* [Activity]:
Can the lines below, from the one that holds "06 JSB 81 plakalı" to the very end, be echoed exactly, with both ends included and no pictures?

(Collection entries)
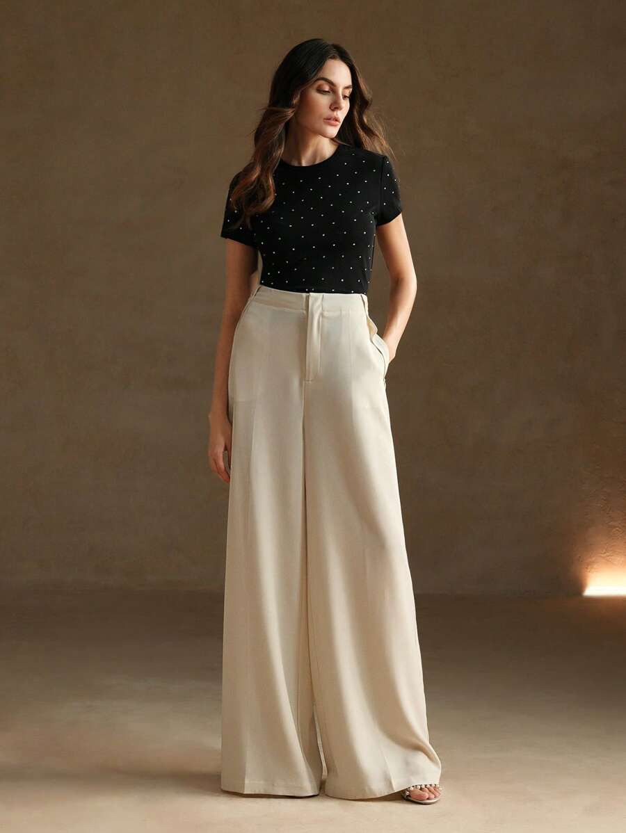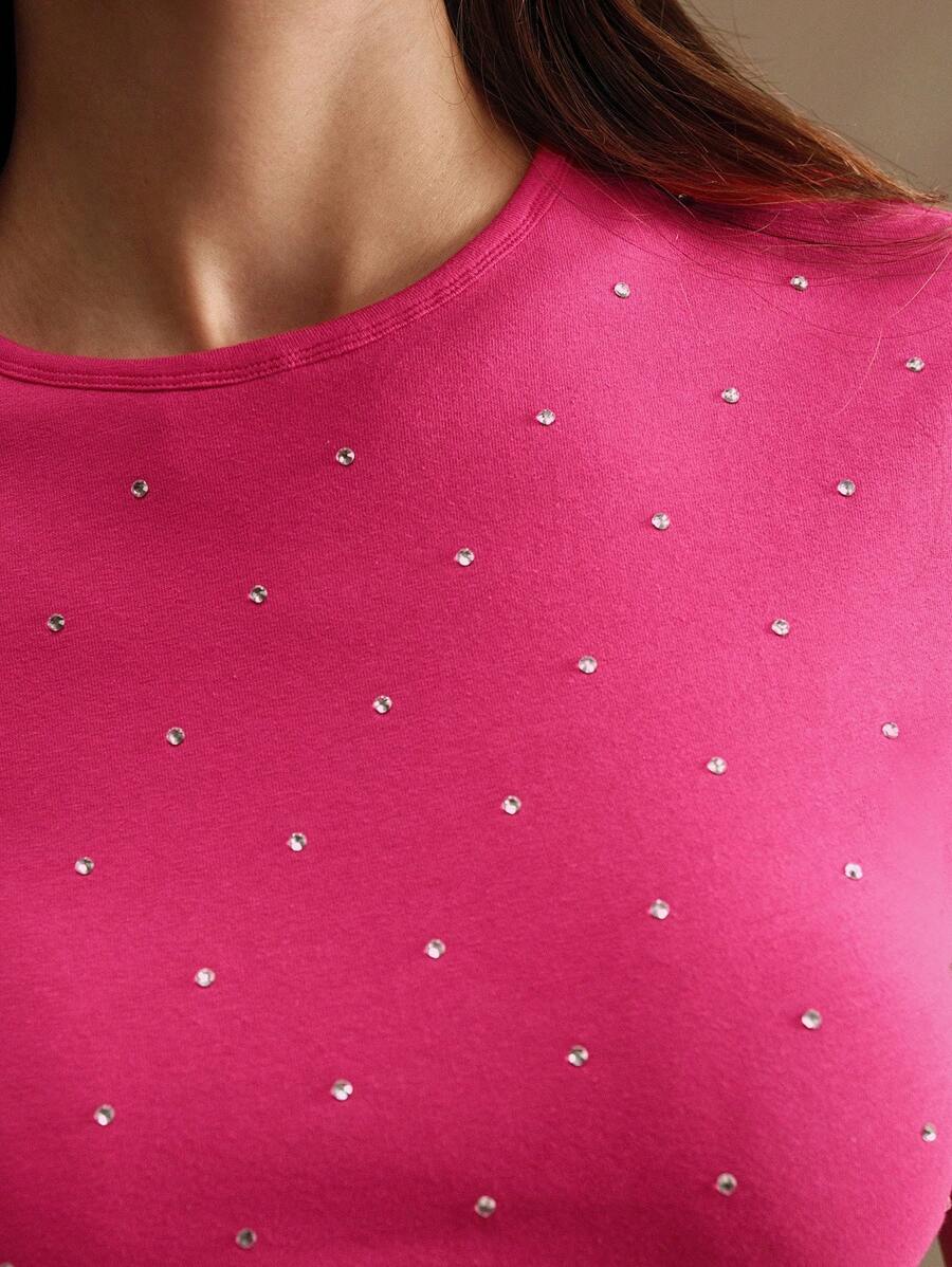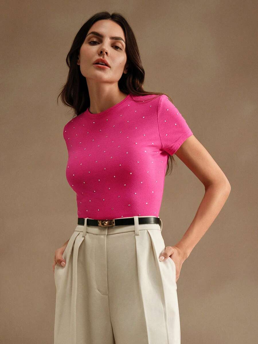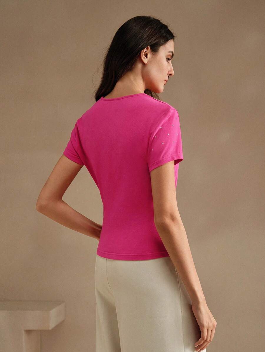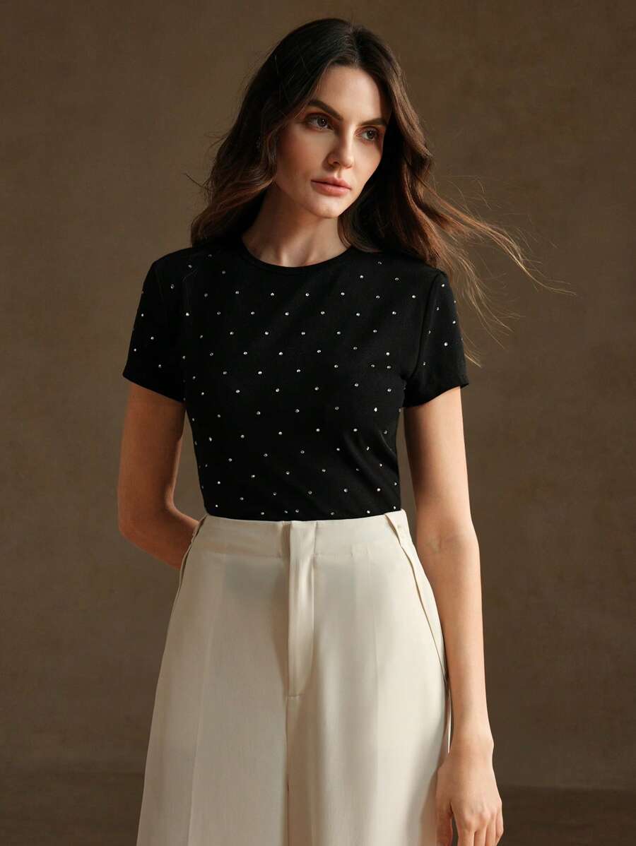 MIU Women's Simple Rhinestone Embellished Round Neck Short Sleeve T-Shirt, Casual
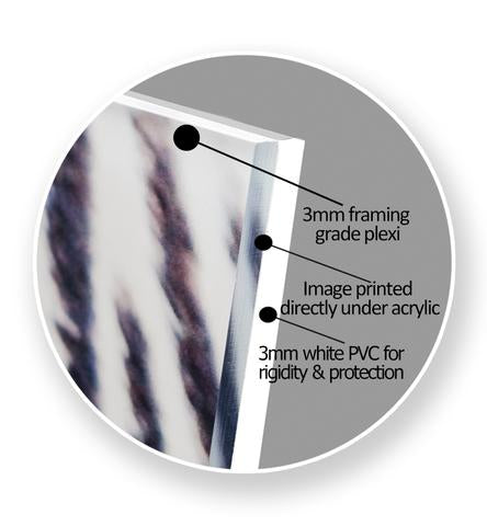 The Direct Print on Acrylic Decorative Plexi is achieved by laying down a sheet of framing grade plexiglass (acrylic) onto our Fuji Acuity UV flatbed printer and ink is sprayed directly onto the substrate and then cured by trailing UV lights. Thus the image is printed directly onto the rigid substrate (the acrylic). While a Direct Print on Acrylic Decorative Plexi looks equally stunning, the archivability, resolution and color gamut are slightly less refined than the Fine Art PlexiFoto combination.
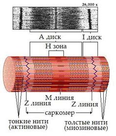 Миофибриллам свойственна поперечная исчерченность — чередование темных и светлых полос. Границы и периодичность полос в миофибриллах одного волокна совпадают, что создает поперечную исчерченность мышечного волокна, обусловленную строго упорядоченным расположением актиновых и миозиновых филаментов (рис. 5).
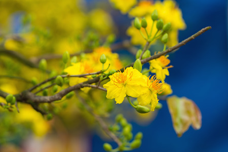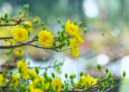 Apricot flowers blooming in Vietnam Lunar New Year with fragrant yellow petals blooming spring has come signaling, this is the symbolic flower for good luck in the New Year's Day
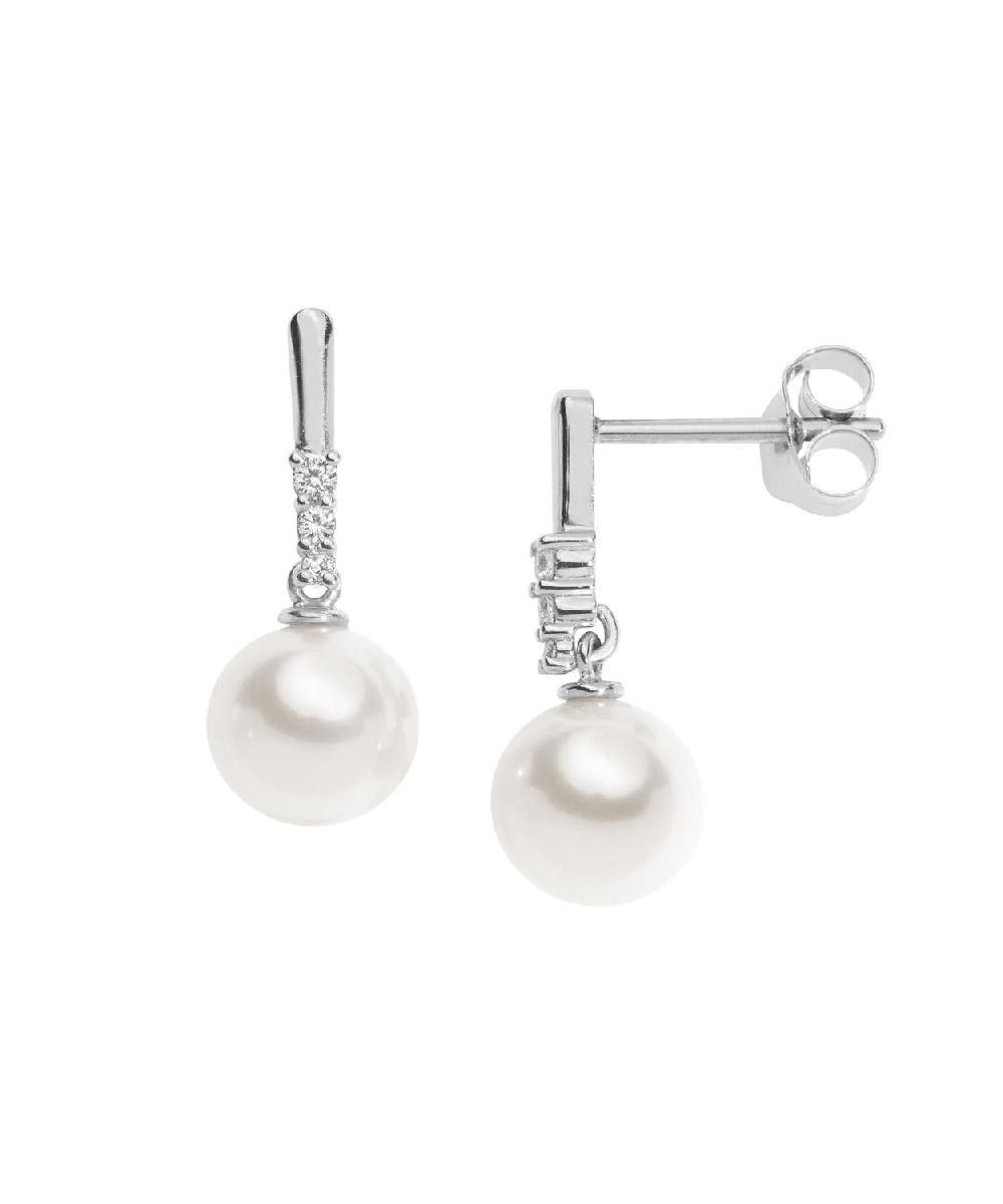 Orecchini Donna in oro bianco 750 con perle coltivate di acqua dolce Ø 7/7,5 mm. Diamanti bianchi P.Ct. 6, colore G, purezza SI e taglio brillante.
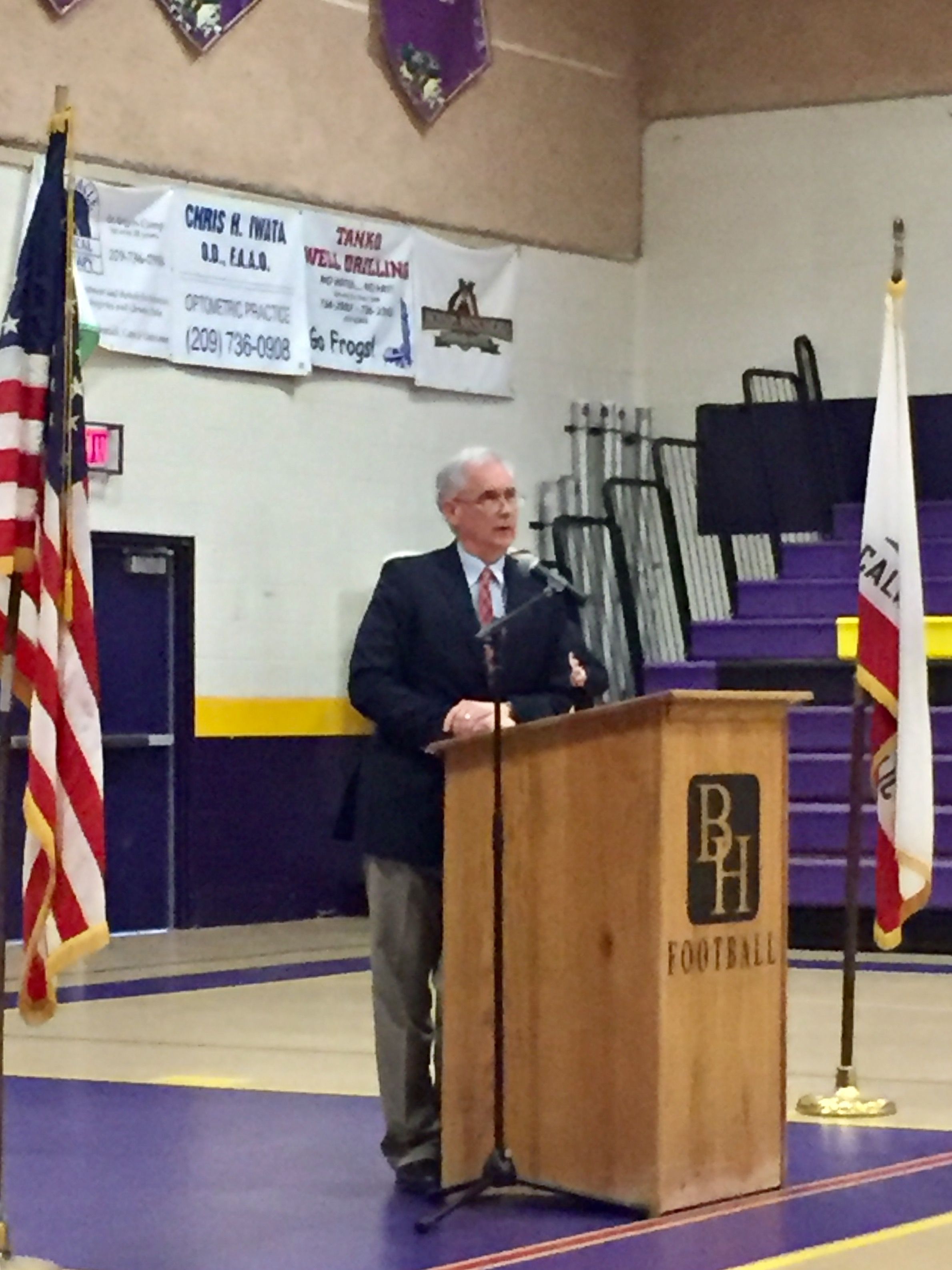 The public event kicked off promptly at 6 p.m. inside Angels Camp’s Bret Harte High School gymnasium just after the the U.S. Representative for California’s 4th congressional district briskly strode in; flanked by aides and well supported by a strategic scattering of local law enforcement officials. A whirl of about four dozen sign waving protestors, some bearing supportive Obamacare and anti-Trump resistance posters, followed on his heels and made some brief noise, as shown in this video clip. McClintock, game face intact, acknowledged their First Amendment right and the need for civility. “As long as we are talking with each other and not shouting each other or disrupting…we can’t do this if people are seeking to disrupt these proceedings,” he cajoled, indicating before he opened the floor that he had about an hour and a half for taking questions.
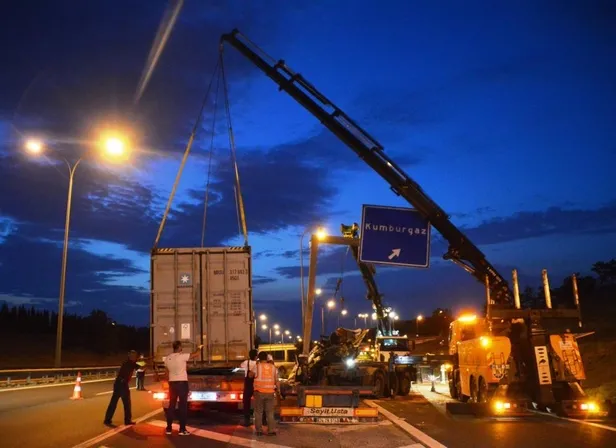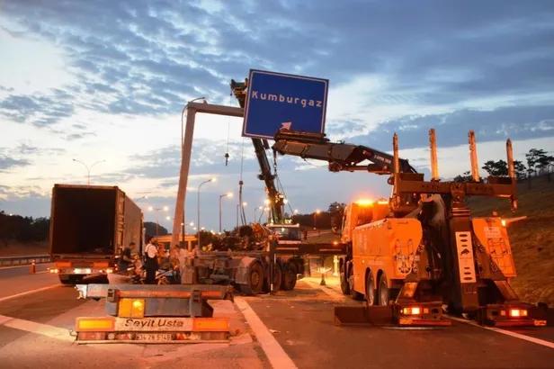 06 JSB 81 plakalı TIR'ı kullanan Bülent Çaylak (45), Kumburgaz yol ayrımına geldiği sırada henüz bilinmeyen bir nedenle kontrolü kaybederek tabela direğine çarptı.
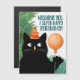 Wenskaart van het feest met zwarte kat, planten en ballon. ★ Controleer het overeenkomende collectie voor COÖRDINERENDE ITEMS. ・ Originele illustraties van PUPU STUDIO. 100% exclusief product.

* [Finished task]:
 06 JSB 81 plakalı TIR'ı kullanan Bülent Çaylak (45), Kumburgaz yol ayrımına geldiği sırada henüz bilinmeyen bir nedenle kontrolü kaybederek tabela direğine çarptı.
 Wenskaart van het feest met zwarte kat, planten en ballon. ★ Controleer het overeenkomende collectie voor COÖRDINERENDE ITEMS. ・ Originele illustraties van PUPU STUDIO. 100% exclusief product.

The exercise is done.